Was your ambition to give weapons to think about our current fragilities?

The detour through anticipation is a way of questioning the present, that’s for sure. Dog 51 concentrates in a single world many elements that already exist here and now. Going back and forth with the future is an invitation to reflect on the current dysfunctions, which could lead to this nightmare – which does not mean that it will happen: I do not wish it, but it is one of the possible paths . When we bring together all our failings in a single imaginary universe, it becomes a foil. The city of the novel, Magnapole, frightens us with its three tightly separated zones, its checkpoints and its controls.

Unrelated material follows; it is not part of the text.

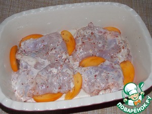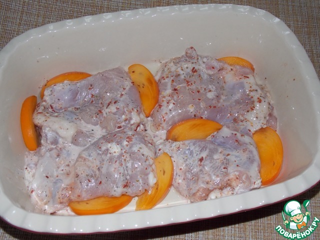 Выложить бедра в форму для запекания, смазанную маслом. Разложить кусочки хурмы, нарезанную небольшими ломтиками.
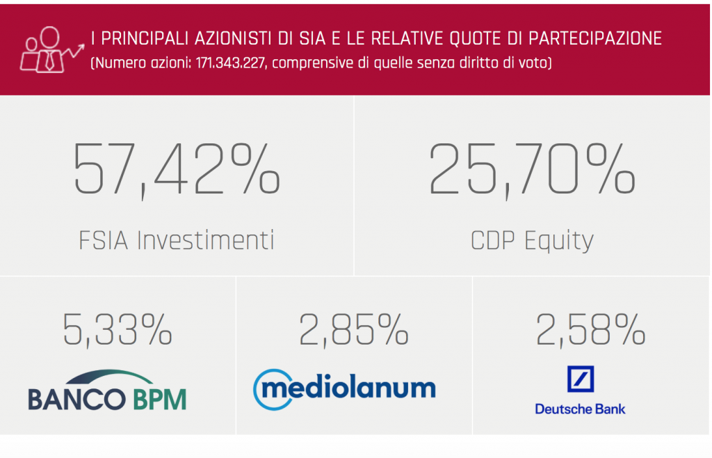 Scrive MF-Milano Finanza è “tra Sogei e Sia la corsa per chi dovrà gestire i dati dell’applicazione”. Sogei è la piattaforma tecnologica dell’amministrazione finanziaria, Sia è la società controllata da CDP Equity, specializzata, si legge sul sito, nella progettazione, realizzazione e gestione di infrastrutture e servizi tecnologici dedicati alle Istituzioni Finanziarie, Banche Centrali, Imprese e Pubbliche Amministrazioni. Sogei la società di Information Technology 100% del Ministero dell’Economia e delle Finanze ed opera sulla base del modello organizzativo dell’in house providing, invece i principali azionisti di Sia sono: 57,42% FSIA investimenti (società posseduta per il 70% da FSI Investimenti – a sua volta controllata da CDP Equity con una quota del 77% – e per il 30% da Poste Italiane), 25,70 Cdp Equity, 5,33 Banco BPM, 2,85% Mediolanum e 2,58% Deutsche Bank.

But Paris already operates in zones, even if there are no barriers prohibiting passage from one to another. The center does not have the same price as the distant periphery, the first ring being the intermediate zone. In London and Berlin too, there are money zones, segregated social zones. We don’t see them anymore, we got used to them. I only enlarged the line. Magnapole Zone 3 was directly inspired to me by Dhaka, the capital of Bangladesh, this workshop of the world where thousands of little hands work in mind-blowing frenzy and noise to produce cheap clothes for China or the Europe.

On reading Dog 51, we think of Blade Runner, Ridley Scott’s cult film: is it part of your personal pantheon?

I admit that this is the reference that I set for myself, for the color of the universe, a little dirty and dark. The urban landscape is not radically different from ours. There are haunts there, except for some new technological objects and a few new practices – “Love Day”, an official sex holiday, for example. But climate fear is not futuristic. In fact, we are there, at the time of acid rain, the search for protection and a reaction that we can hope for are global – the specialists alert us sufficiently to the multiplication of large fires, floods or cyclones.

As in any dystopian narrative, the question arises of who will rule. Answer: money, which is quite commonplace. But, once again, there we are, in our globalized liberal system, spurred on by merciless competition. Who would have thought a few decades ago that Elon Musk would privatize space with his satellites? Given the profits of Gafam compared to the GDP of some poor nations (such as Haiti), we could very well slide towards the takeover of an entire country by a multinational.

I don’t make a conspiratorial reading of the world, I just invite lucidity. The Chinese have indeed taken over arable land in Africa or the port of Piraeus. I chose Greece as the country from which my hero, Zem Sparak, is forced into exile: the images of the 2008 crisis marked us. And this is where the vibration was the strongest compared to the rich civilization of antiquity.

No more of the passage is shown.